A new report from GCube has underlined how recent extreme weather events that fall outside of traditionally modelled natural catastrophe definitions have exposed the weaknesses of a ‘soft’ insurance market, particularly in the US.
Across both wind and solar, the average nat cat or extreme weather-related loss in the latter half of the decade was over 300% higher than before 2015.
The leading insurer for renewable energy projects says recent entrants to the market offering low deductibles, low premiums and broad terms to gain market share have faced considerable losses, forcing a number of insurers to exit the space over the last decade.
However, GCube says current market conditions are now starting to drive a long overdue ‘reset’ in pricing as insurers seek to ensure ongoing sustainability.
“No market can continually operate at a loss, and renewables insurance is no exception,” said Fraser McLachlan, CEO of GCube.
“As the renewables risk landscape has changed, GCube has been one of the first to alter its terms and conditions to help maintain the sustainability of the sector, and the benchmark needs to be reset across the industry to ensure that projects can continue to be covered.

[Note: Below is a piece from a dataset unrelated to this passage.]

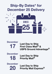 We will offer USPS & FedEx shipping throughout the holiday season. The cutoff dates are Noon on December 18th via USPS Priority Mail and Noon on December 22nd via FedEx 2-day. Details are listed below. Please visit our shipping partner’s website for more information.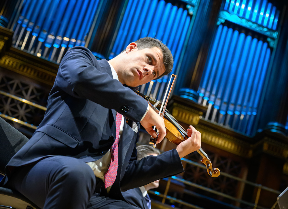 Pro svůj recitál si vybrali náročný, pestrý program. V úvodu Rachmaninovovo Elegické trio g moll – skladba zádumčivá, místy podivně temná. Kritika mívá někdy sklon dílo shazovat epigonstvím vůči Čajkovskému, ale myslím, že mu křivdí. Jistě není nesnadné identifikovat vztah mezi oběma ruskými skladateli, ale Rachmaninov je už v tomto díle svůj. Pokaždé když g moll trio slyším, napadne mě, že houslista má víc práce než pianista. Nicméně pan Mráček byl autentický i pochmurnou maskou ve tváři.

“As we have just seen in Texas, unmodelled Extreme Weather events can have a significant impact on the grid, and this is only one of many challenges currently threatening the renewables sector.”
McLachlan added that lessons need to be learned from the sector’s management of climate risks to ensure greater resilience to emerging threats like cyber-attacks and the impacts of Covid-19.
“GCube has proved that a sustainable renewable energy insurance market is possible under the right conditions, and we have been able to continue providing A-rated insurance products to ensure that our clients have the cover they need to protect their investments.”